Secret of the Great French Restaurants

04 May 2004 by
Secret of the Great French Restaurants

I was inspired by books from people like Elizabeth David and MFK Fisher to take up a career in cooking, but there were few practical recipes to pinch from these books. They were useful more for the feel for good food and cooking. Actually, in the late 1960s and 1970s there were very few recipe books of the slightest use to the small-scale restaurant cook.

There were grand tomes on Buffet work (with a capital B) and the splendours of Edwardian "French" cooking; and there was the dreaded Repertoire de la Cuisine by Saulnier with its never-ending lists of garnishes but little else.

So, when I first came upon Secrets of the Great French Restaurants by Louisette Bertholle (first published in English in 1974) I thought it was going to be a load of garbage.
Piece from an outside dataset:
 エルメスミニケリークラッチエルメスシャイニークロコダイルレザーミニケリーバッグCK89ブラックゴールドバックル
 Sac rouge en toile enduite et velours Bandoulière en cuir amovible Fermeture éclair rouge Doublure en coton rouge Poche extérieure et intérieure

It was lent to me by another chef, and I soon found out that, far from being irrelevant, for me it provided an insight into a fascinating period of French restaurant cookery when the classical canon of dishes was being challenged by a heartier and more rustic outlook on grub.
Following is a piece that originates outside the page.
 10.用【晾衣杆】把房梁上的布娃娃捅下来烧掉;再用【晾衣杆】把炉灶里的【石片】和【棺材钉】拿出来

The dishes were from all sorts of restaurants, and the recipes more or less worked. I recall a recipe from La Reserve at Beaulieu - its trademark "loup de mer de la Reserve". The bass fillets were coated with a persillade-like stuffing and braised with Proven‡al herbs, then finally the cooking liquor was transformed into a beurre blanc. The contributing chef drily observed that he had no hesitation in sharing the recipe as he knew most cooks would be too lazy to make it properly.
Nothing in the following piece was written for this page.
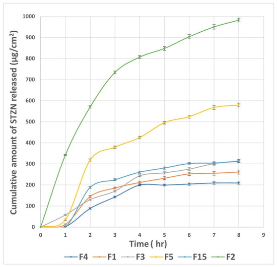 Figure 5 shows the in vitro release profiles of LP formulae (F4, F1, and F15) with lipid-to-SAA molar ratios or 5:0, 3:0, and 1:0, respectively (LP formulae composed of SPC only) and their comparable formulae (F3, F5, and F2) with lipid-to-SAA molar ratios 5:1, 3:1, and 1:1, respectively. The in vitro release profiles in all formulae composed of SPC alone were characterized by an initial burst release followed by a sustained release. Burst release occurred due to the presence of some of the STZN on the external surface of the LP. The lipophilic nature of the STZN could be the reason for the sustained release of the drug from the internal lipid phase after the initial burst release. On the contrary, for the formulae composed of SPC and SAA, the in vitro release profiles are characterized by an increased rate of initial burst release with diminishing the sustained release period, especially for the LP formula with a low lipid molar ratio (F2). This might be due to the lipid’s solubilization by SAA. LP formula F2 (composed of 1:1 SPC to DDAB) exhibited the highest cumulative amount of STZN released among the previously mentioned LP formulae; this enhancement might be due to the reduced PS (24.18 ± 0.11 nm); that created a high surface area or the low lipid molar ratio together with lipid solubilization effect of SAA decreasing the rigidity of the vesicle. The regression coefficient values indicated that the in vitro release profile of all LP formulae could best be fitted using the Higuchi release model.

Another recipe idea that I appropriated and altered to suit myself was a bourride of chicken. Bourride is a fish soup flavoured with orange peel and saffron then thickened with garlic mayonnaise. It worked a treat with chicken and was a mainstay of my menu for years.

There was more. Red wine eel matelotes and fish stews, for instance. Too much to mention, really. The book is long out of print now, and I lost my tattered copy in the move from Gidleigh Park to Ludlow. But I remember the storehouse of good ideas still - and I know that I wasn't the only person who pinched recipes from it (but that would be telling).

Shaun Hill, chef-proprietor, The Merchant House, Ludlow.

Please note that this book is out of print but can be bought second-hand. It has been catalogued under more than one ISBN number and publisher. You may also find it available under Pan Macmillan (ISBN 0-333-33459-0) or Random House Value Publishing (ISBN 0-517-64268-9). If you want it in French, it was published as Les Recettes Secrètes des Meilleurs Restaurants de France by Albin Michel (ISBN 2-226-03495-1).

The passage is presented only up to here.